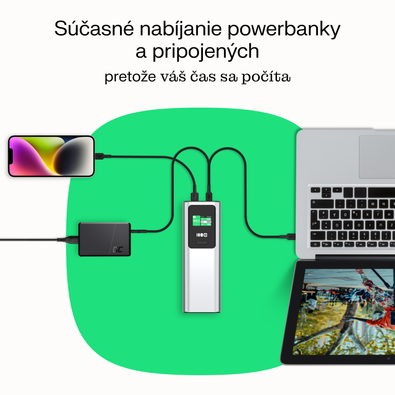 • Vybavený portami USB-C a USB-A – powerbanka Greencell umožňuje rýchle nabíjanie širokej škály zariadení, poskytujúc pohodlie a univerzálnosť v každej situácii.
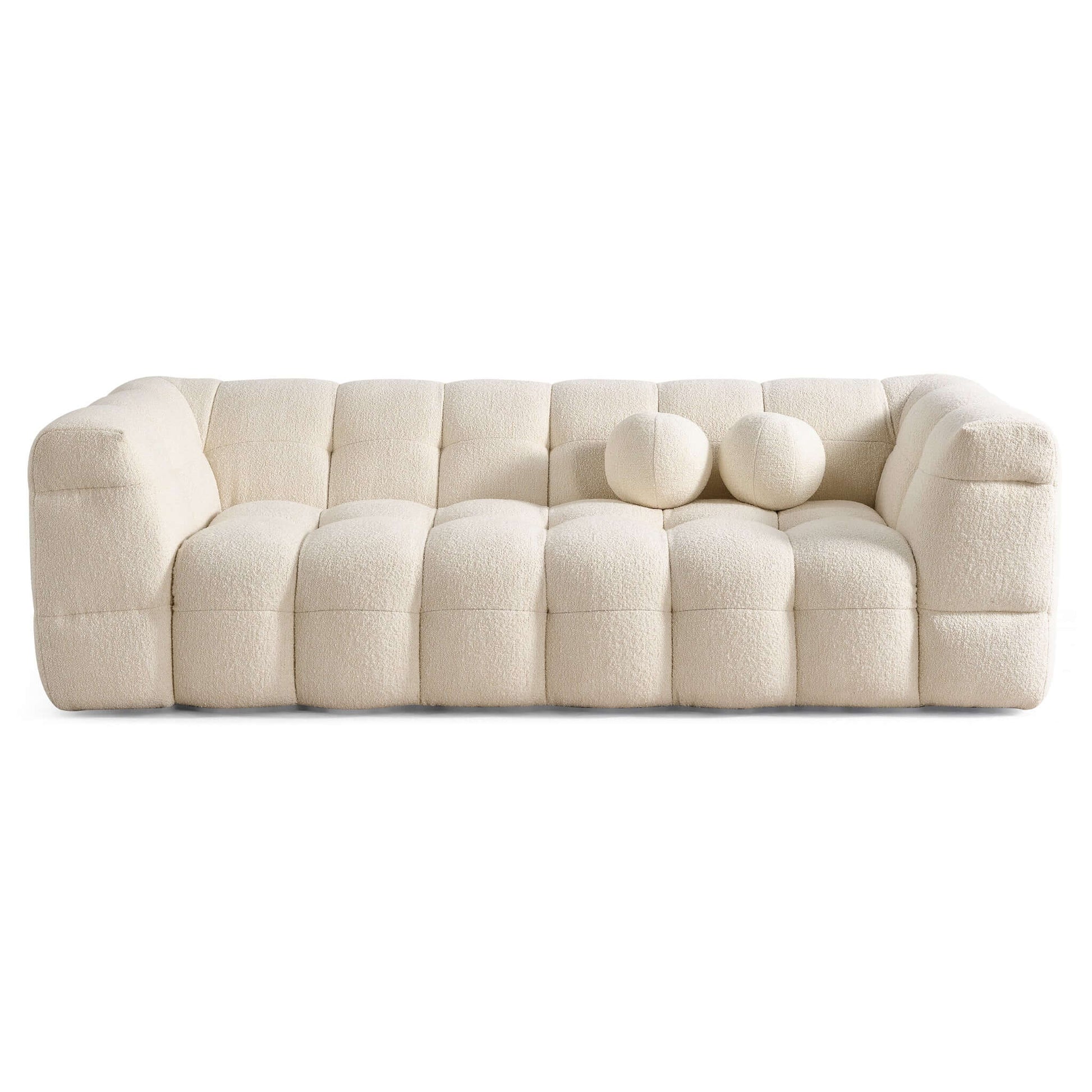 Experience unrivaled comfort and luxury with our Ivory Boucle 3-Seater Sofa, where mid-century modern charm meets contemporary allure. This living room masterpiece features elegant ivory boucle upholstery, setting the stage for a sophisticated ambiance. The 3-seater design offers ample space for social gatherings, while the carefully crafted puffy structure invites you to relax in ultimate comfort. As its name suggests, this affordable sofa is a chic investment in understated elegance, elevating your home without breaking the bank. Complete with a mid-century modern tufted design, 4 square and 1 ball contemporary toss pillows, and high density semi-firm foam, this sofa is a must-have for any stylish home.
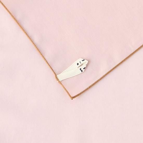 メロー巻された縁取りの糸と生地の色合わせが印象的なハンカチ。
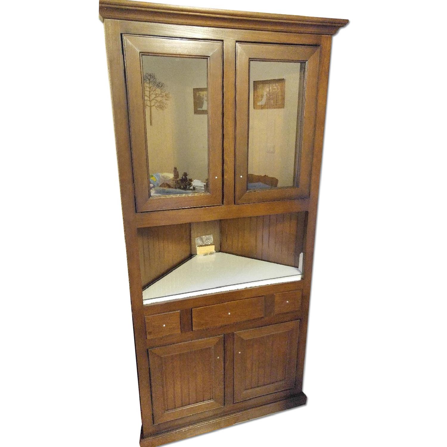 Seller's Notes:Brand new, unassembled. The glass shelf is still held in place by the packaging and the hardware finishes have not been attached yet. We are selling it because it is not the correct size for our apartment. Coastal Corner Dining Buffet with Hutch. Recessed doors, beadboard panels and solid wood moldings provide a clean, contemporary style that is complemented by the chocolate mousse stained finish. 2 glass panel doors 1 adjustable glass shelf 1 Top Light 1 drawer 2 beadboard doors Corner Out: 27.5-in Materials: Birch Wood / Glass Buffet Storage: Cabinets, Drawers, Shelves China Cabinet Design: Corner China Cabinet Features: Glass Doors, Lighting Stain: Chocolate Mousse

○ ○ ○

> _How to complete this task_
Copy the listing above exactly, but only from the line with "Experience unrivaled comfort" through the line with "メロー巻された縁取りの糸と生地の色合わせが印象的なハンカチ。", including those two lines and excluding any picture.

> _Your response_
 Experience unrivaled comfort and luxury with our Ivory Boucle 3-Seater Sofa, where mid-century modern charm meets contemporary allure. This living room masterpiece features elegant ivory boucle upholstery, setting the stage for a sophisticated ambiance. The 3-seater design offers ample space for social gatherings, while the carefully crafted puffy structure invites you to relax in ultimate comfort. As its name suggests, this affordable sofa is a chic investment in understated elegance, elevating your home without breaking the bank. Complete with a mid-century modern tufted design, 4 square and 1 ball contemporary toss pillows, and high density semi-firm foam, this sofa is a must-have for any stylish home.
 メロー巻された縁取りの糸と生地の色合わせが印象的なハンカチ。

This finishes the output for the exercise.